1975 Nobel Memorial Prize in Economic Sciences

Reason for Award

for their contributions to the theory of optimum allocation of resources

Laureates

Leonid Kantorovich
Leonid Kantorovich

Soviet UnionSoviet Union

Tjalling Koopmans
Tjalling Koopmans

NetherlandsNetherlands

Explanation

When we share a school lunch pizza, we think about how to divide it fairly without wasting any piece. Mr. Kantorovich and Mr. Koopmans used mathematics to find a similar fair-sharing rule for factories and shops that make things and use materials. Because there is only so much time, flour, or electricity, we cannot produce everything we want. They built a way to calculate exactly “how much to make of what” so that nothing is wasted and people become happiest. Thanks to their method, a cookie factory can use just the right amount of flour and sugar to bake the most cookies. Today, the same ideas secretly help factories, transport systems, and even game strategies all over the world.

Related Keywords

Linear programming

Linear programming is a mathematical technique for finding the best solution under objectives and constraints expressed as first-degree equations. Because both objective and constraints are linear, the feasible region forms a convex polytope. An important property is that an optimum always lies at a vertex, which underpins the simplex algorithm. The method is widely applied in logistics, finance, and energy operations, and modern solvers handle problems with millions of variables. It is the most direct tool for implementing the optimal allocation of resources honored by the Nobel Prize.

Shadow price

A shadow price is the marginal value indicating how much the objective would improve if a constraint were slightly relaxed. It corresponds to the dual variables obtained from a linear program and can be interpreted as the added value of one extra unit of a resource. In environmental policy, the shadow price of a carbon cap informs the level of a carbon tax. In corporate production planning, it signals the cost of scarce materials or machine time. By measuring scarcity in value rather than quantity, shadow prices are indispensable for economic assessment of resource allocation.

Duality theorem

In linear programming, every primal problem is paired with a dual problem. The duality theorem states that the optimal values of both problems coincide and that optimal solutions satisfy complementary slackness. This equality enables easy computation of bounds and sensitivity analysis. In economics, viewing the dual solutions as a price system permits integrated analysis of production and pricing.
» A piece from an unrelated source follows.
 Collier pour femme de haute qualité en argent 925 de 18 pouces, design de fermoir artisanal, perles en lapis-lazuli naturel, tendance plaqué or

Computationally, it underlies dual simplex and interior-point methods that enhance efficiency.

Activity analysis

Activity analysis, advanced by Koopmans, represents production technologies as vectors and forms new activity levels through linear combinations. Assuming a convex technology set, cost minimization or profit maximization becomes a linear program. This makes it possible to evaluate firm-level or economy-wide efficiency mathematically. The concept underpins input–output tables and computable general equilibrium models. By abstracting the allocation problem, it quantitatively opened the study of multi-sector economies.
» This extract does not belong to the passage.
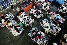 The first ukay-ukay was believed to have been founded in the early 1980s in Baguio. When calamities frequented the Philippines during that year, the Philippine Salvation Army would send secondhand garments and other goods to the refugees and victims as humanitarian assistance to the victims of the calamities.[2][3][4] Soon enough, the shipped goods, upon piling up, were bought in bulk by traders and sold to the public at significantly low prices. They used to market it to the low-income bracket, but following ukay-ukay's increase in popularity, relatively richer customers who seek low-priced branded goods patronize ukay-ukay stores.

Resource allocation efficiency

Resource allocation efficiency describes a state where limited resources yield the greatest possible outcome, measured by criteria such as Pareto efficiency or cost minimization. Linear programming numerically identifies which input mix is efficient under given constraints. Improving efficiency brings social gains such as waste reduction and time savings, not just higher output. Governments use the concept for transport or medical resource planning, while firms optimize supply chains to stay competitive. The Nobel-winning work rigorously formalized efficiency and bridged it to real-world practice.

Constraint

A constraint in mathematical optimization is an equation or inequality that a solution must satisfy. Typical examples include upper limits on resources, technical specifications, and time windows. By embedding real physical or economic limits in the model, constraints make solutions implementable. In linear programming the coefficients are fixed numbers, giving the model a simple, computationally tractable structure. Studying constraints reveals bottlenecks and policy leverage points, creating a common ground for economics and engineering.